4. The referencing model must be based on XML Signature's Reference Processing Model [XMLDSIG] with the following two qualifications:
   1. As recommended by [XMLDSIG], where a referencing mechanism supports transforms any fragment processing should be specified as part of the transform.
   2. Where a referencing mechanism does not support Transforms, applications should support same-document XPointers '#xpointer(/)' and '#xpointer(id("ID"))'.
5. Transforms  {WS}
   1. Encryption Transforms: The specification must not enable the specification of additional transforms as  part of encrypting and decrypting data; transforms on data being encrypted/decrypted must be done by the application.
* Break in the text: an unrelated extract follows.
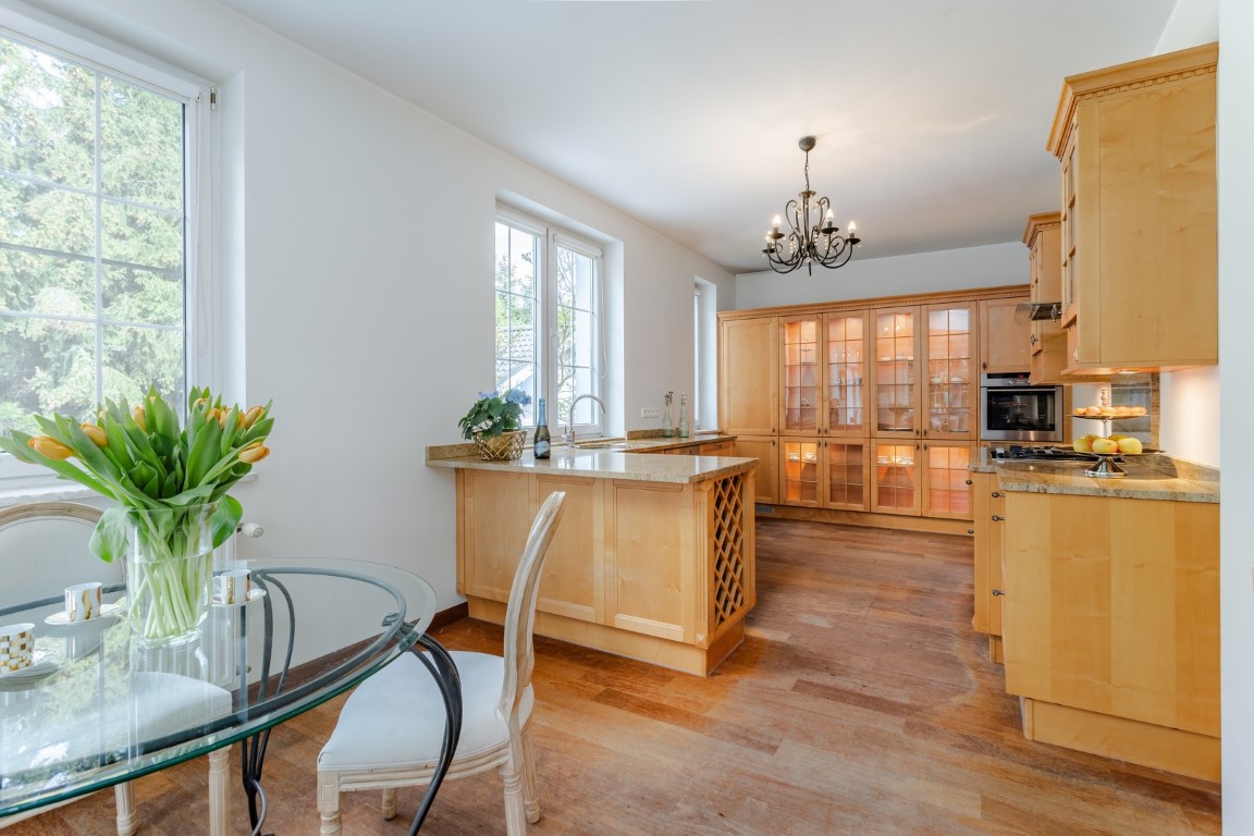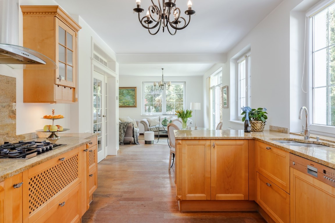 Custom-made kitchen furniture made of beech wood, marble countertops.

For example, compression could be done by compressing the content and wrapping that data in an XML compression syntax and then encrypting it. {FTF1}
6. Encryption and Signatures
   1. The specification must recommend approaches for use of XML Signature with XML Encryption such that multiple parties may selectively encrypt and sign portions of documents that might already be signed and encrypted. Recipients should be able to easily determine whether or not to decrypt data prior to signature validation.
      1. Applications have the following options:
         1. When data is encrypted, so is its Signature; consequently those Signature you can see can be validated. (However, this is not always easily accomplished with detached Signatures.){List: Finney}
         2. Employ the "decrypt-except" signature transform, being developed as a separate specification. It works as follows: during signature transform processing, if you encounter a decrypt transform, decrypt all encrypted content in the document except for those excepted by an enumerated set of references. {List: Maruyama, FTF1}

         The WG is continuing to discuss these options and others.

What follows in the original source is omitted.